I’m really glad that you have a good life (despite the ‘illness’), but as I’m sure you know, that ‘life’ will never, ever, be taken for granted! I don’t have any university eduction, (sadly, due to many circumstances in my life, and not due to my brain capacity ho hum) , but still I have many great interests in my life. My major passion is art. I just love anything artistic/creative. Every few weeks I have watercolour lessons with an amazing artist. I just with all my fellow CFS/ME sufferers all the best, as we all need support and compassion…
I’m from Melbourne, Charlotte.
…..and it sounds like we are the lucky ones in having creative outlets.
Carol,
thx for writing this. I really like that you specifically name the doctors. I wonder what would happen if somebody went back and interview these doctors and ask them if they would do anything different now days?
It is SO good to see in writing such similarities to my own experience. Several times I have sworn I would not see a doctor again unless I needed a bone reset and cast. I have thought that somewhere there was a secret file than any physician I saw could access. In that file was a mandate for how I was to be treated. “Be condescending, arrogant, impatient and borderline obnoxious with this patient. Offer…no insist, on anti-depressants.” I love the neurological exam comment in your article. I can touch my nose just fine. It’s thinking in a linear, coherent fashion that causes me problems. Oh, and remembering things like my dog’s name and my phone number.

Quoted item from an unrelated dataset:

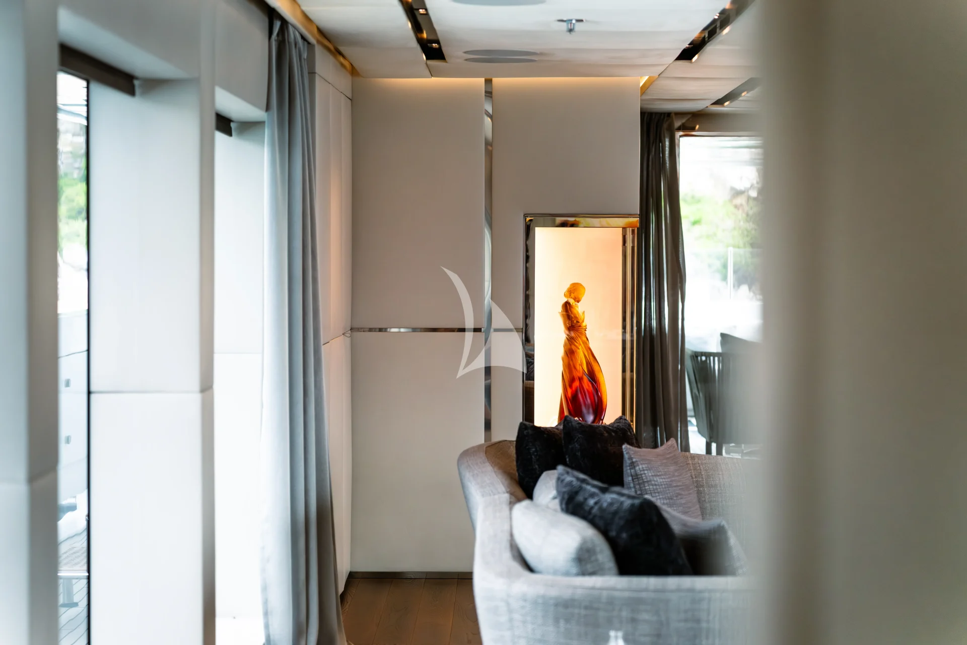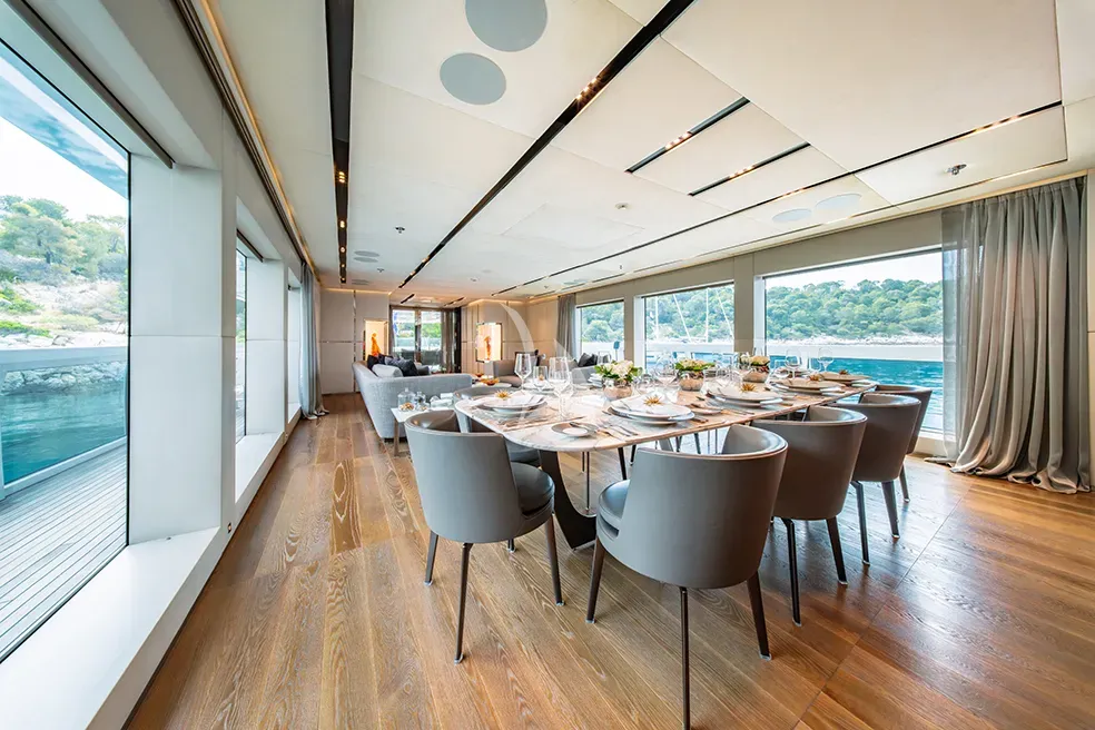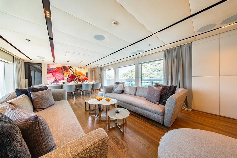 Accommodation includes six spacious cabins for 12 guests, with a vast master suite and three VIP cabins, all fitted with sleek lines, soothing tones, and state-of-the-art tech. A wheelchair-accessible gangway and glass elevator connecting all interior decks ensure inclusive access for all guests. The iPad-controlled entertainment system offers satellite channels, music, and an extensive DVD library across cabins, salons, and the sundeck.
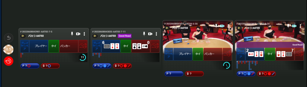 終了したラウンド数、プレイヤーの勝利数、バンカーの勝利数、タイのラウンド数、プレイヤーペア数、バンカーペア数を確認することができます。

I learned a new word today, mumpsimus.
Meaning
1. A view stubbornly held in spite of clear evidence that it’s wrong.
2. A person who holds such a view.
I think it is the word for all the doctors missing the clear evidence they are wrong. Sorry Carol endured so many of them.
Sarah
I learned that word today too on “A.Word.A.Day”! I didn’t think of using it to describe these doctors, but, hey, it works. I wonder how they would react today, 14 years later, to a patient with similar symptoms and test results.
When it comes to the diagnosis of chronic fatigue syndrome or fibromyalgia, it seems like getting a confirmed diagnosis can take almost a decade. All the while, you undergo so many tests and so many different doctors, some of which may still have trouble accepting that fibromyalgia is a real medical condition. Some studies even suggest that there are many people who end up going undiagnosed. For instance, I read about a study which suggested that a lot of men living with the symptoms of fibromyalgia could be going undiagnosed. This was a shocking read, and I was wondering if you had seen it yet? For anyone who is interested, here is a link to the article that I am referring to: http://www.clinicaltrialsgps.com/news/could-more-men-have-fibromyalgia/
I have been suffering from chronic fatigue and fibromyalgia for over 20 years I am almost bed ridden.My biggest mistake was going to a pain clinics which only made my condition worse.If you can help me please respond to this Email because the pain is unbearable I hurt over my entire body.
Have you tried either low dose naltrexone or medical marijuana. Both can be very helpful.